The mental model is closer to a customs checkpoint than a metal detector. You don’t get through with anything that isn’t on the approved list, even if nobody’s seen it before.
What’s hiding in your files
A quick tour of the things people don’t realize they’re sharing:
- Office docs can contain VBA macros, ActiveX controls, and OLE objects, all of which can execute code.
- Photos carry EXIF data: GPS, camera model, timestamps, sometimes even the serial number of the device.
- PDFs can embed JavaScript, auto-open actions, and entire other files as attachments.
- Spreadsheets are vulnerable to formula injection, where an innocent-looking cell pulls data from somewhere it shouldn’t.
- Images can hide encoded data via steganography, text or files tucked into the pixels themselves.
- Word documents keep a surprising amount of editing history and author info even after you “clean” them through the built-in tools.
If you’ve ever sent a document to a client and worried about what metadata you forgot to scrub, this is exactly that worry, automated.
How it works
Three steps. That’s the whole thing.
1. Get the file in. Drag and drop, or paste a share link. cleanthis.io knows how to fetch from Google Drive, Dropbox, OneDrive, SharePoint, and GitHub directly, no need to download a file just to upload it again. If a link needs authentication, you’ll get a clear message about why it didn’t work.

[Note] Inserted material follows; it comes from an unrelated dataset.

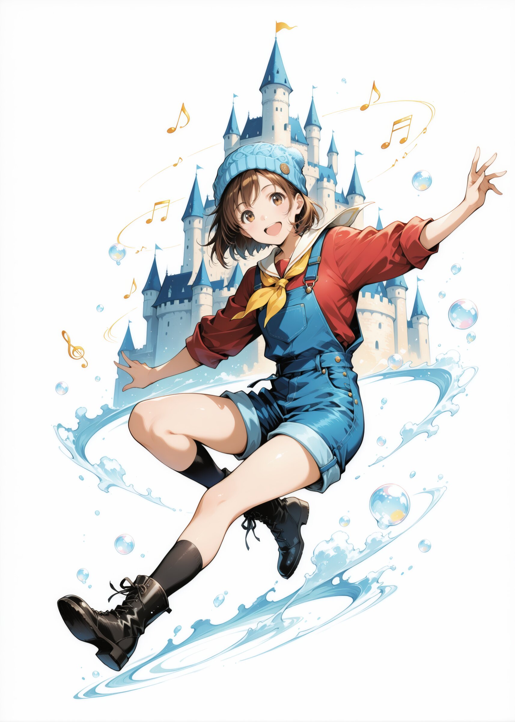 Best quality, Masterpieces, simple background, negative space, anime-style illustration, white background, fine detail, solo, 1girl, Brown hair, short hair, blue overalls, red shirt, (blue knit cap), yellow neckerchief, black boots, black socks, knees, bubbles, smile, open mouth, dynamic pose, cinematic angle, official wallpaper, castle, music wave background, soft lines and music notes, minimal, light background, Soap bubbles

2. Pick a sanitization level.
- 🟢 Light: Just metadata. Strips GPS, author names, timestamps, and similar identifying info. Your file otherwise stays untouched.
- 🟡 Standard: The default. Removes macros, scripts, embedded objects, and all the other active content along with metadata.
- 🔴 Aggressive: Maximum paranoia. Converts Office files to PDF, images to PNG, and re-encodes everything from scratch. Use this when you genuinely don’t trust the source.
3. Download the clean file. You also get a report listing exactly what was removed, every macro, every metadata field, every embedded object. If you want the full breakdown, you can export it as CSV or JSON.
The original file is wiped from the server within 15 minutes using a 3-pass overwrite. Nothing lingers.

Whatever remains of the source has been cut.